▸ What is required: All that is needed is the line containing "18 Kt pink gold" and the lines after it to the end of the material, written out exactly, pictures left aside.

(Beginning of Material supplied)

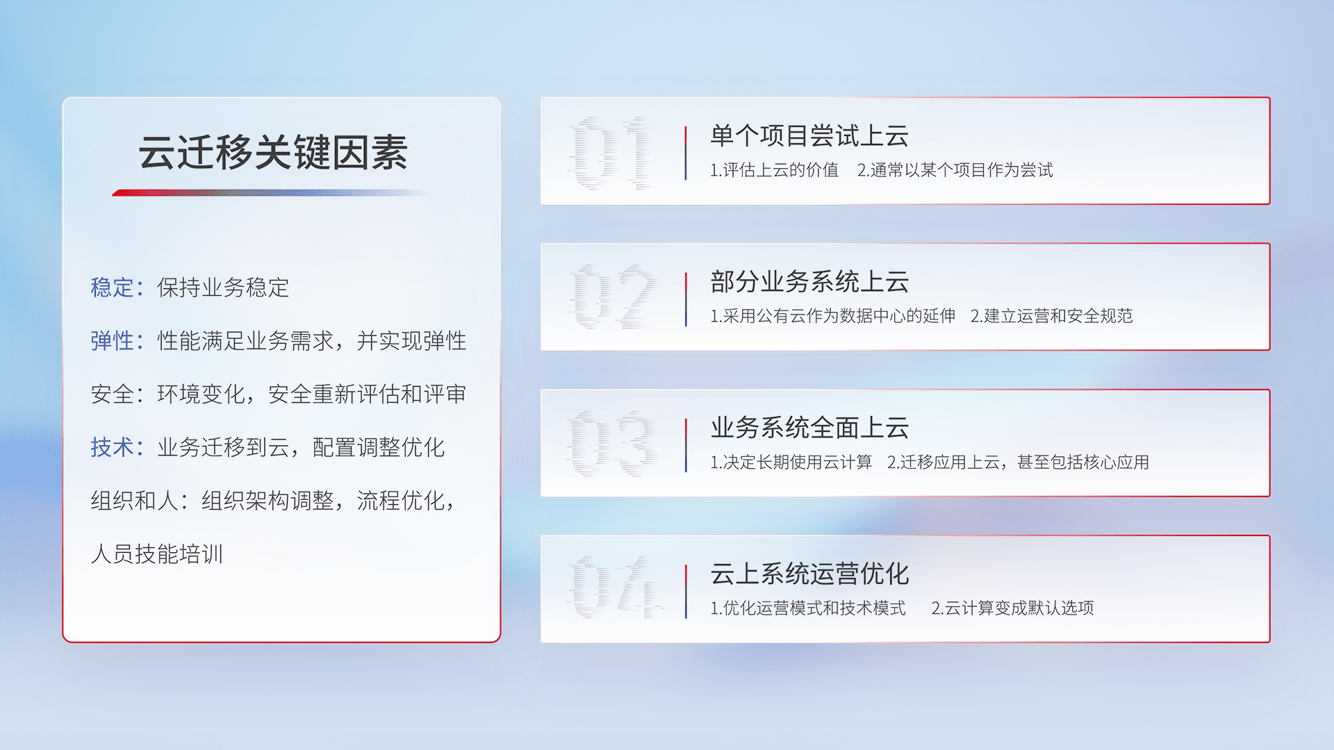结合实际业务,,,,从规划设计、、、、云平台选型、、、、云原生改造、、数据迁移、、、集成交付,,,,迁移全过程为客户识别最佳上云路径,,,做好风险识别管理,,设计网络架构、、身份权限、、、、安全审计合规、、、操作审计、、日志审计、、、监控告警策略、、、多站点容灾设计等,,,对云上基础设施进行整体规划,,,提升IT治理水平,,以满足弹性、、、、高可用、、、、高性能的需求。。。
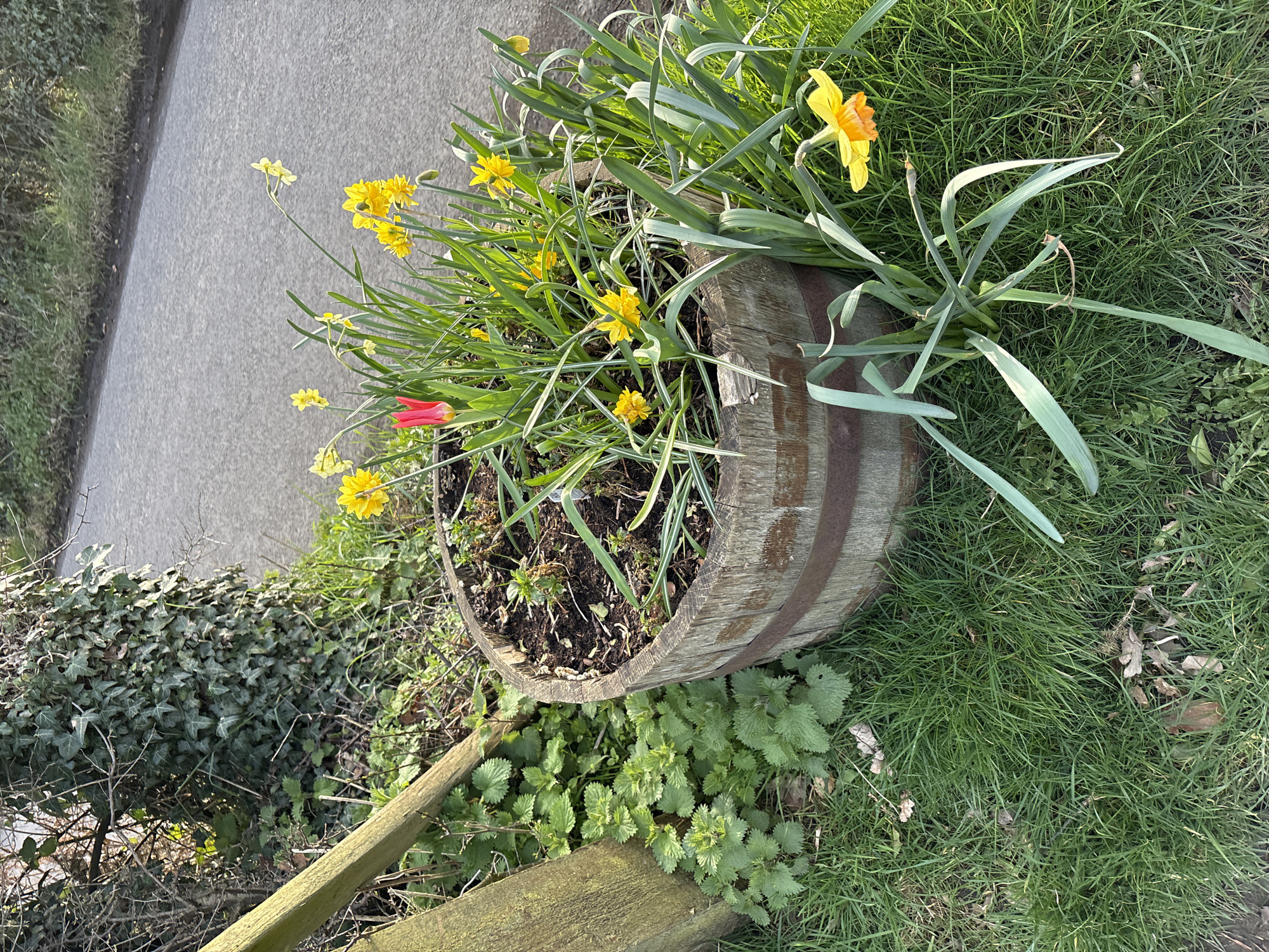 The scene depicts a static outdoor environment in Snailbeach, United Kingdom, on what appears to be a sunny day. The primary subject is a weathered, light-brown wooden barrel planter, approximately half-height, secured by two rusty metal bands. It contains dark soil from which numerous yellow daffodils (Narcissus) are growing, many in full bloom, alongside one prominent red tulip and various green foliage, including some with white variegation. The barrel is positioned on a grassy verge adjacent to a grey asphalt road, which occupies the midground and background on the right side of the image. The grass directly surrounding the barrel is green, with some scattered dry leaves. To the immediate left of the barrel, a dense patch of green stinging nettles (Urtica dioica) is visible. Further left and behind the nettles, a thick, dark green ivy (Hedera helix) heavily covers a tree trunk or large bush. A light-colored, weathered wooden post or stake is partially visible on the far left, leaning slightly. No people, animals, or vehicles are present. The lighting suggests direct sunlight, casting subtle shadows and highlighting the vibrant colors of the flowers and foliage.
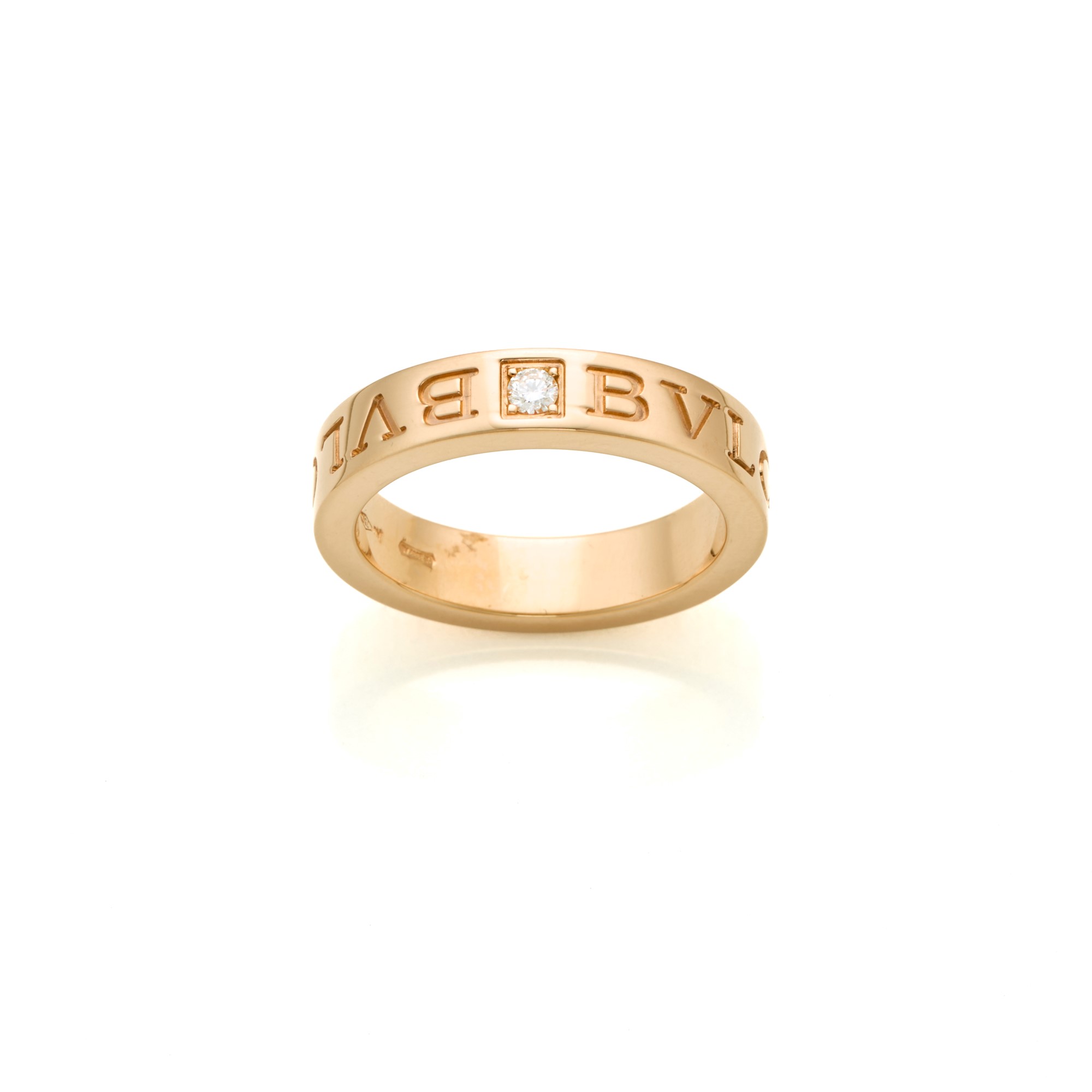18 Kt pink gold ring signed Bulgari, Bulgari Bulgari collection, with round diamond
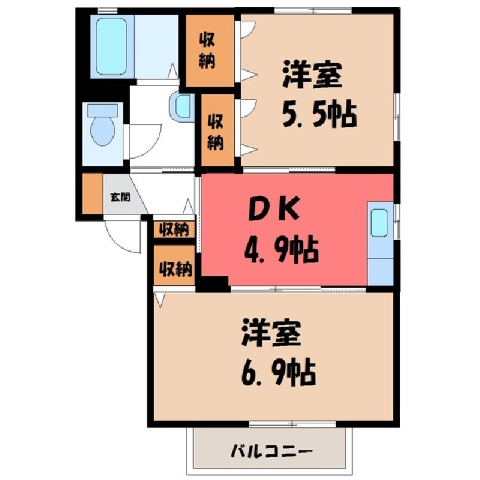間取 / 専有面積 2K / 42.7m2 間取り詳細 K4.9/洋室5.5/洋室6.9 築年月 2003年11月築
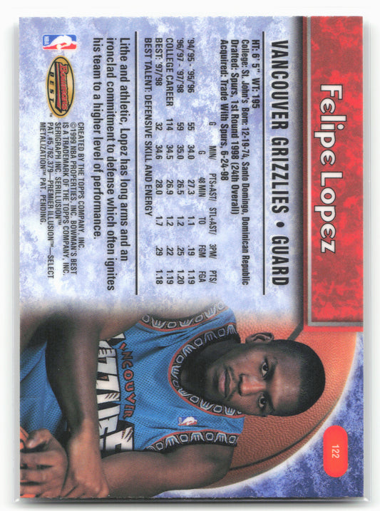 This is a nice example of a 1998-99 Bowman's Best #122 Felipe Lopez Other important information about this card:RCIn 1998 Felipe Lopez played for the Vancouver Grizzlies.Please check out our...
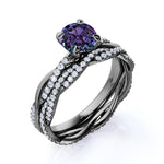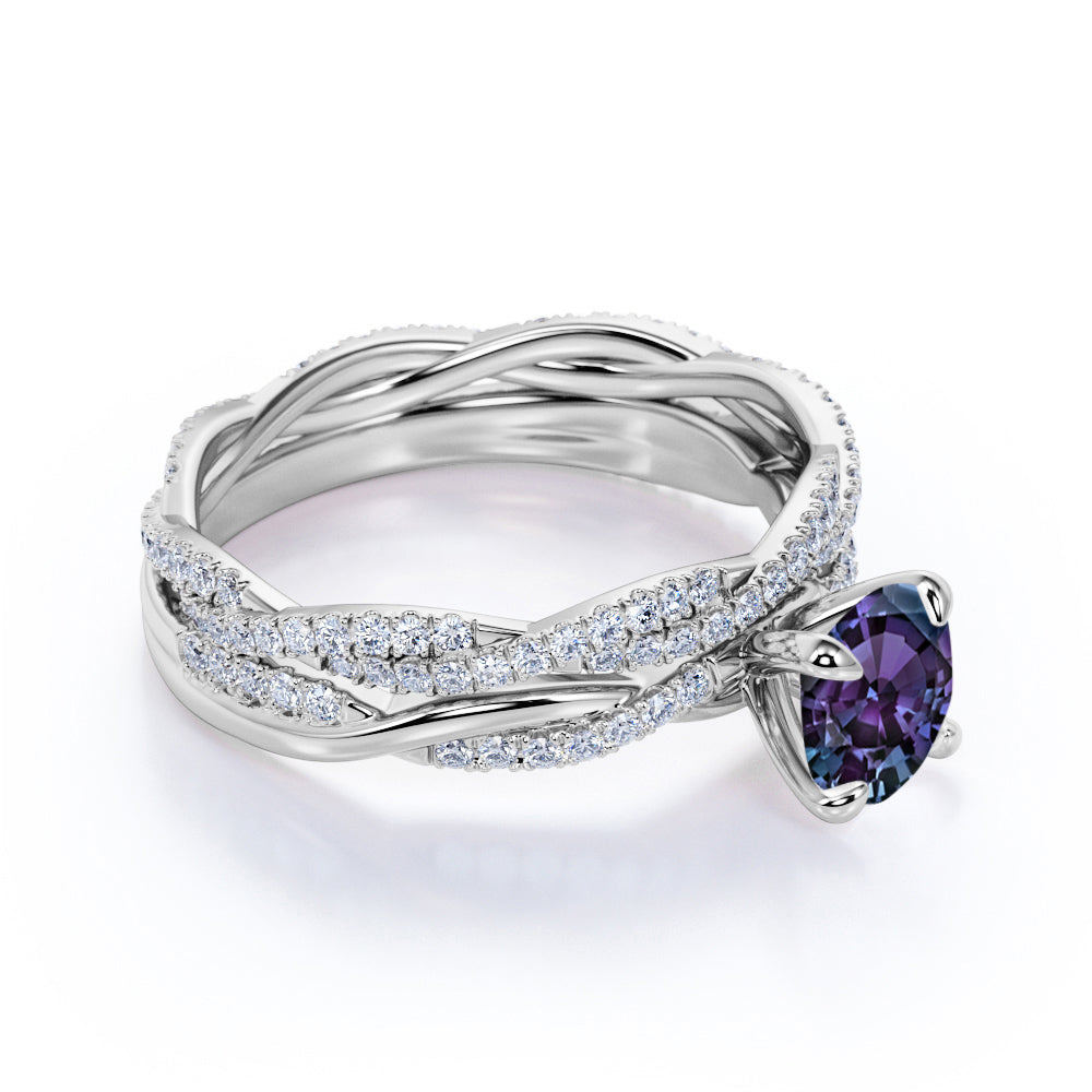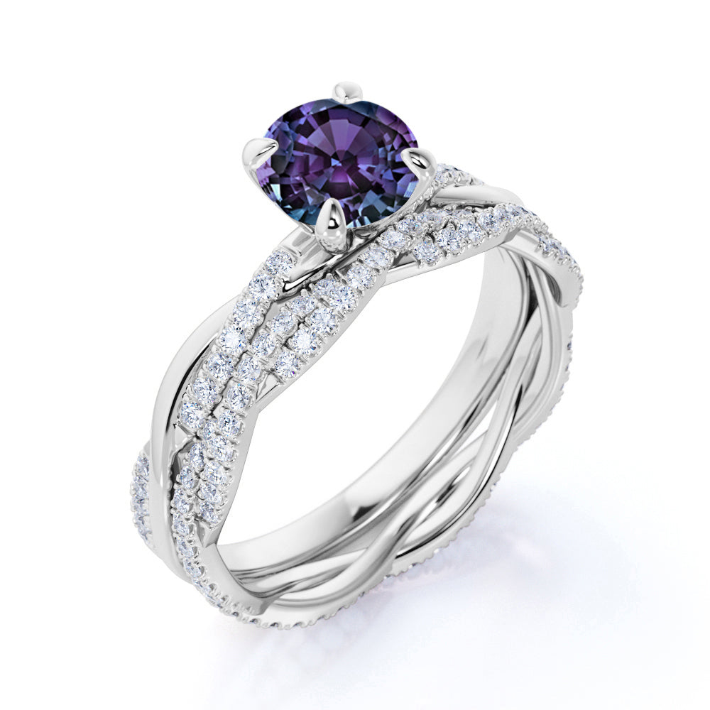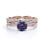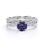 Infinity 1.75 Ct Round Cut Alexandrite Bridal Set

(End of Material supplied)

▸ Answer section:
18 Kt pink gold ring signed Bulgari, Bulgari Bulgari collection, with round diamond
間取 / 専有面積 2K / 42.7m2 間取り詳細 K4.9/洋室5.5/洋室6.9 築年月 2003年11月築
 This is a nice example of a 1998-99 Bowman's Best #122 Felipe Lopez Other important information about this card:RCIn 1998 Felipe Lopez played for the Vancouver Grizzlies.Please check out our...
 Infinity 1.75 Ct Round Cut Alexandrite Bridal Set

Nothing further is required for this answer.